Here are a few of the things I’ve been reading and responding to online.

Archaeologists Dig Up An 800-Year-Old Native American Pot. What They Found Inside Is Changing History. What they found inside were seeds from an extinct species of squash, which were later planted, grew, and scientists are now starting to cultivate.

A friend shared this on Facebook, and another person commented, “Interesting, but it's hardly ‘changing history.’” I will acknowledge that the title of the article is click-bait, yet I think the story of the squash is an important change in history. I replied

History is a social construct, too long dominated by European Men. Finding artifacts of a culture underrepresented and misrepresented in traditional history and bringing those artifacts to life, sure seems to me to be a very important change of history.

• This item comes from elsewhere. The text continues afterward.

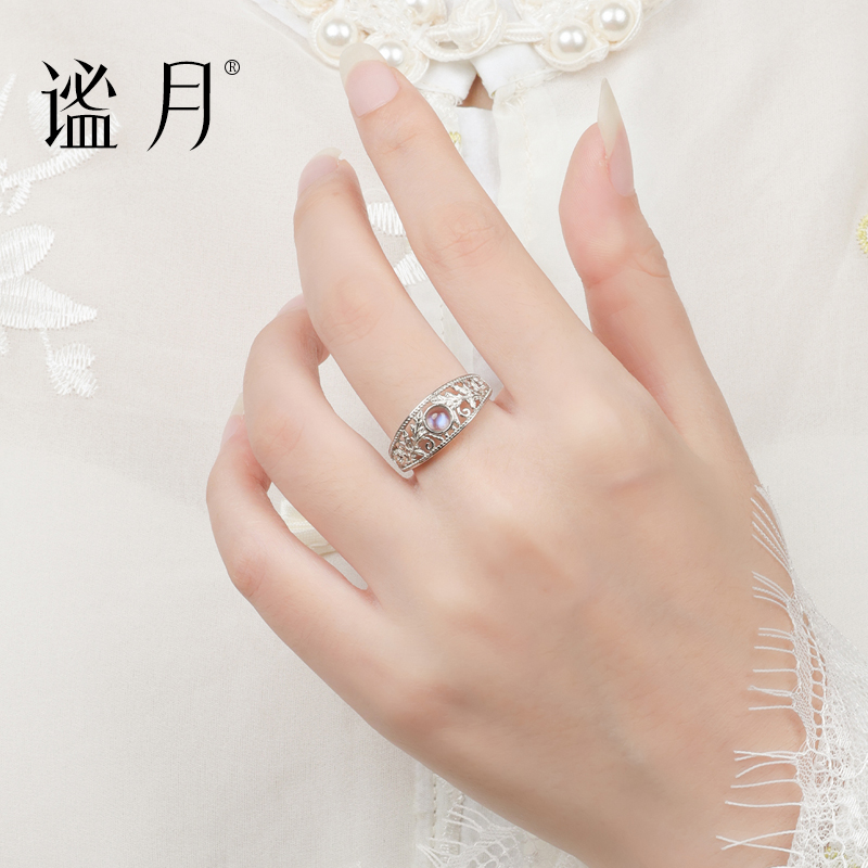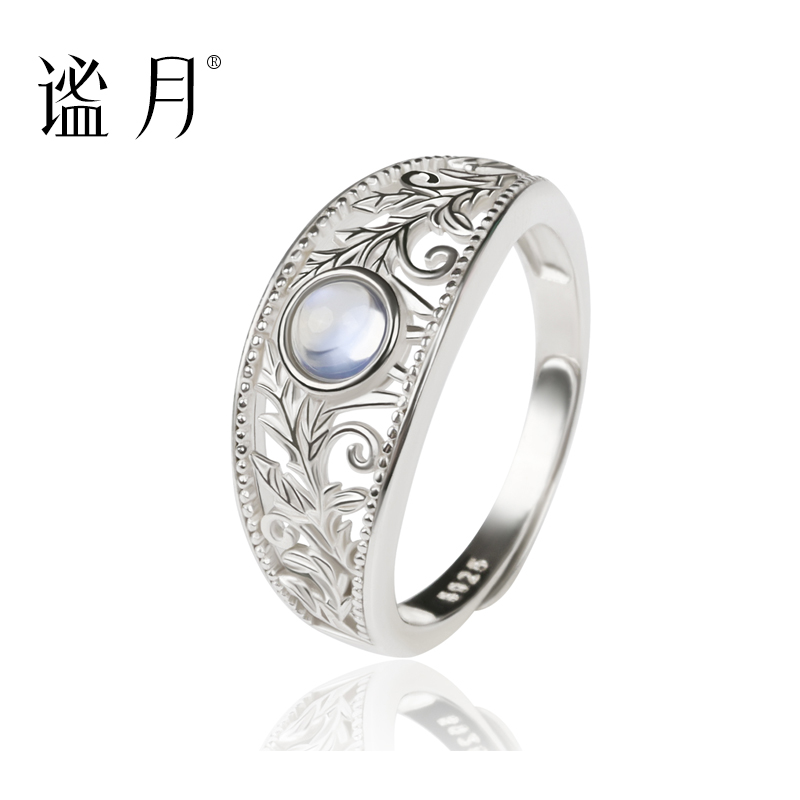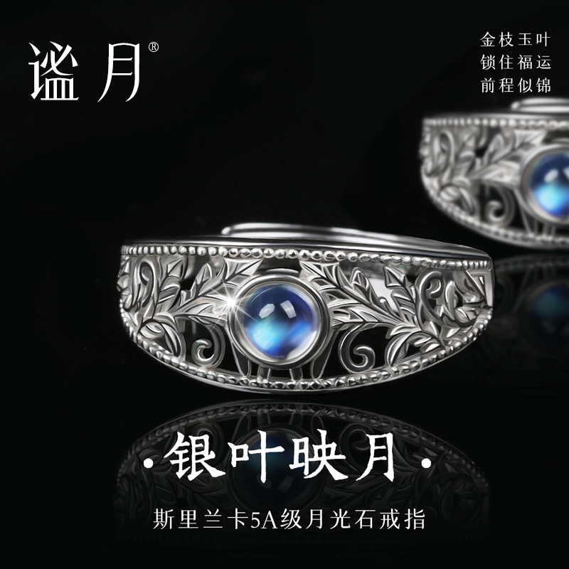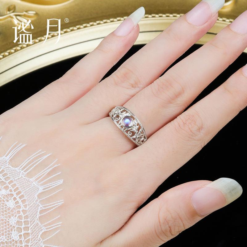 日系轻奢谧月斯里兰卡天然蓝月光植物花卉镂空设计纯银戒指女礼物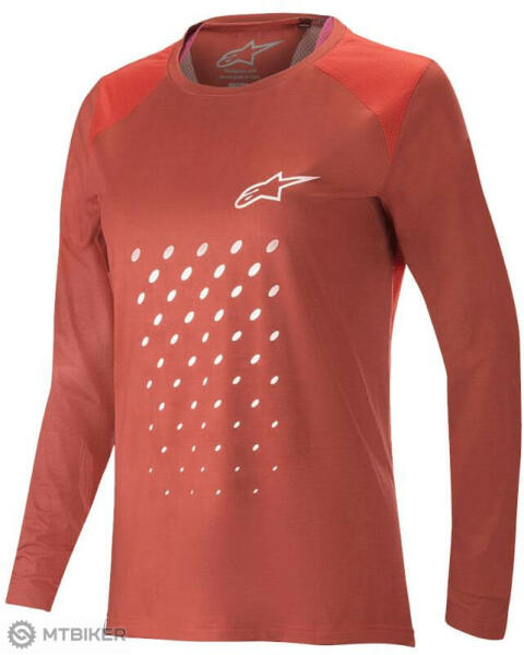 Alpinestars Stella ALPS 6.0 mez Kényelmes, hosszú ujjú női mez, mely gyorsan és hatékonyan elvezeti az izzadságot , emellett nagyon jól szellőzik. Modern poliészter és elasztán keverékéből készült a jobb tartósság és színtartósság érdekében. A mez lazább szabású , kényelmes viselet és minden irányban rugalmas. A szellőzést a háton és a hónaljban található szel

I also read a post from a person on Facebook saying, “My mama passed away today … I wish I could have a sign that she is in heaven”. I remembered the story of Florence Nightingale, tending a dying young prostitute and trying to reassure her of God’s love. I started searching for the quote, which I eventually found, but I also found some other great quotes as well.

From a Journal of Military and Veterans’ Health article:

She was a complex woman. Deeply religious, she believed that God spoke to her on four occasions when she was a young woman, always saying the same words: “I have work for you to do.” Frustratingly for Nightingale, this is all God said to her. She initially decided to await further instructions from God, but as the years passed, she came to realise that God wanted her to decide how to serve Him.

In another article, I found this quote,

I can't love because I am ordered. Least of all can I love One who seems only to make me miserable here to torture me hereafter. Show me that He is good, that He is loveable, and I shall love Him without being told.

Finally, I found the quote I was I was looking for

Oh, my girl, are you not now more merciful than the God you think you are going to? Yet the real God is far more merciful than any human creature ever was or can ever imagine.